PLEASE DON’T BARKING
please don’t barking,
now my yip sun is startled untimely,
my warm river dangerously.
it’s not helpful by easing.
what a loud permutation
takes easy like starlight,
an incensed, dirty rite of time.
some ancient terrible song
makes noisy in its sideways.
rapt & juggling,
we take turns in our ethers,
the backs of feeble I’m.
UNTITLED
“there’s no reason around it!”
some ineffable radio
calls to blooming sunbathers
from a destiny tombstone.
SQUEAL MY SODA
crop my crater
bomb my belly
feed my funhouse
mirror my migraine
medicate my mantra
chant my chamber
lock my lookout
spy my secret
tell my tumor
grow my grunts
squeal my soda
drink my destiny
future my formula
mix my melancholy
ruin my rodeo
lasso my longevity
cut short my cattails
sprout my sideburns
trim my trailhead
chime my chastity
purify my punctuation
dot my disclaimer
confess my contusions
bruise my barriers
block my blame
accuse my accomplice
join my jury
convict my conscience
think my therapy
listen to my liberties
release my roses
bloom my butterflies
pollinate my periphery
isolate my interior
excavate my embryo
fertilize my fabulous
makeover my masquerade
identify my industry
mass-produce my muffler
drive my delirium
soothe my sympathy
& bandage my bottle-rockets,
ignite my interiority
& leave my living alone in there.
UNTITLED
this adapter needs a puddle
like vomit or something
where it can decline in.
small jack-bandits insist
on a fistful of breadcrumbs
& impeccable heather.
your don’ts,
your gonnas,
existing just in a spoonful or rope coil.

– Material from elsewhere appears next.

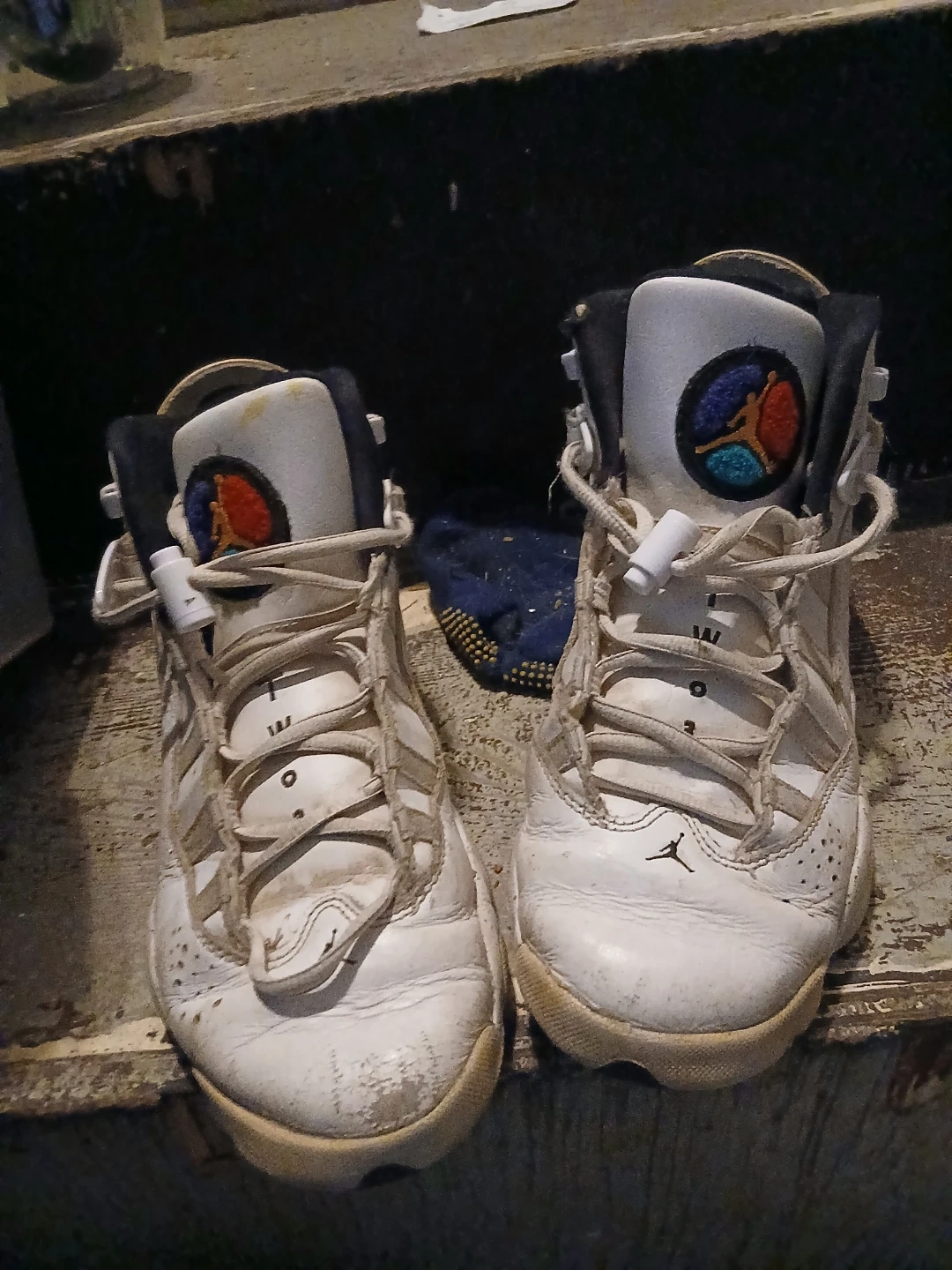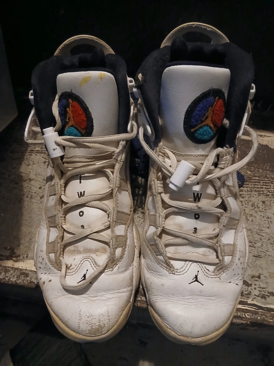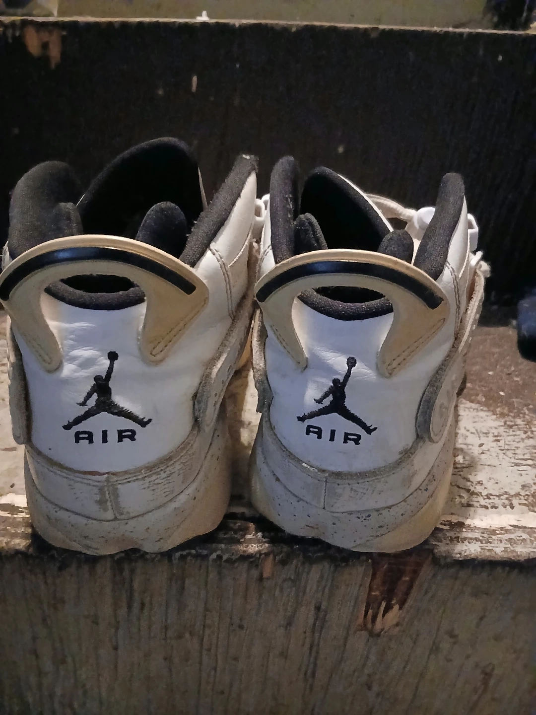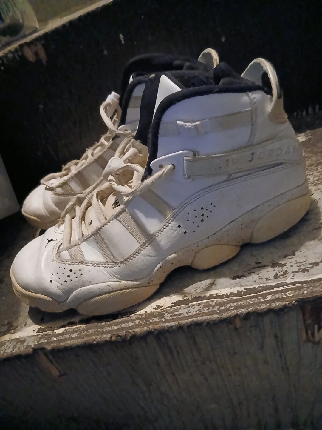 Selling a pair of Jordan 6 Rings sneakers in white. They are size 6.5 US. They have some wear and tear, but still have lots of life left!

ten dangerous degrees to the separation,
a train slides by on ice.
I’m a dismembered radio,
silently counting timetables in the rain.
alert! to its white stone pebbles,
indications of wealthy allegiance & grim fortune.
I’m indebted to a factor, its benign strangeness.
I’m rising in me like a grain elevator,
shielded from the berry jets.
let’s pull my shoestring gut like it’s a pink maroon,
smiling sideways like a ranging flock of oysters.